# Canadian Personal Money Management Software



## whadoiknow (May 23, 2009)

Quicken seems to be the only product left on the market. Anyone have any experiences with it good or bad? Others? Thanks!


----------



## CJB (Apr 4, 2009)

I think it depends on what you are going to use it for. Budget? Tracking investments? Transactions? Balancing your accounts? etc....


----------



## osc (Oct 17, 2009)

I have a not so good experience in 2007 when I tried to use it for my budget.
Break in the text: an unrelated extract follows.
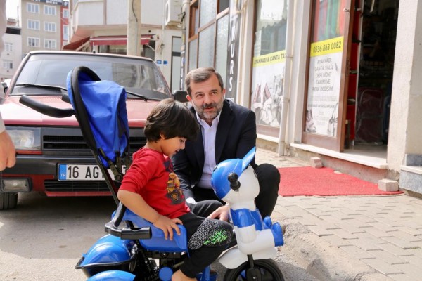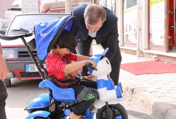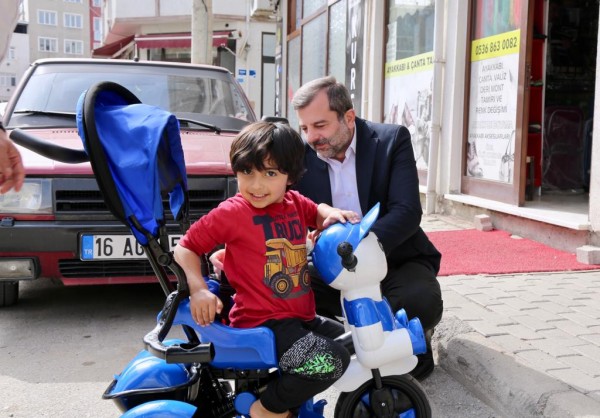 Gürsu’da yaşayan Muhammed Emin’in en büyük hayallerinden birisi Belediye Başkanı Mustafa Işık ile tanışmaktı. Belediyenin Sosyal Yardım İşleri Müdürlüğü’ne sesli mesajlar atarak bu talebini ileten Muhammed Emin’in ses kayıtları Başkan Işık’a ulaştı. Talebi keyifle karşılayan Başkan Işık, Muhammed Emin’in en büyük isteklerinden birisi olan bisikleti de alarak onu evinde ziyaret etti. Karşısında hem Başkan Işık’ı hem de bisikleti görünce çok mutlu olan Muhammed Emin, teşekkür etti. Muhammed’i mutlu etmenin çok güzel olduğunu söyleyen Gürsu Belediye Başkanı Mustafa Işık, “Bir çocuğun mutluluğu, gözlerindeki ışık her şeye bedel. Bu yüzden Muhammed’in bu isteğini kıramazdık. Sesli mesajları o kadar sevimliydi ki, mesai arasında onu bizzat görmek istedim, umarım bisikleti ile güzel zamanlar geçirir” diye konuştu.

Balancing was clumsy; auto download didn't work very well and it didn't work at all for one of my accounts.
I ended up using a spreadsheet instead with manual import from bank sites.


----------



## FrugalTrader (Oct 13, 2008)

If you're interested in budgeting/cash flow, then yodlee is a pretty neat online tool that links all your credit cards and bank accounts. As a bonus, it actually works for Canadians.


----------



## Wealthy1Day (Aug 30, 2009)

Does anyone have experience with mvelopes? http://www.mvelopes.com

I've never used it. Heard about it on some blogs and checked out their web site. Seems like the right approach and they do link to Canadian institutions. But how good is it for Canadians and how good is it in general?

To date, I've never used any financial software. Love my spreadsheets.


----------



## Ben (Apr 3, 2009)

I also tried Quicken Online (free, and works for Canadians), and was actually quite excited at first. I became less enamored with the lack of flexibility and control, and ability to improvise with a calculation or two, and have since gone back to the trusty old spreadsheet.

I'd say it could work well for a lot of people though.


----------



## canadianbanks (Jun 5, 2009)

FrugalTrader said:


> If you're interested in budgeting/cash flow, then yodlee is a pretty neat online tool that links all your credit cards and bank accounts. As a bonus, it actually works for Canadians.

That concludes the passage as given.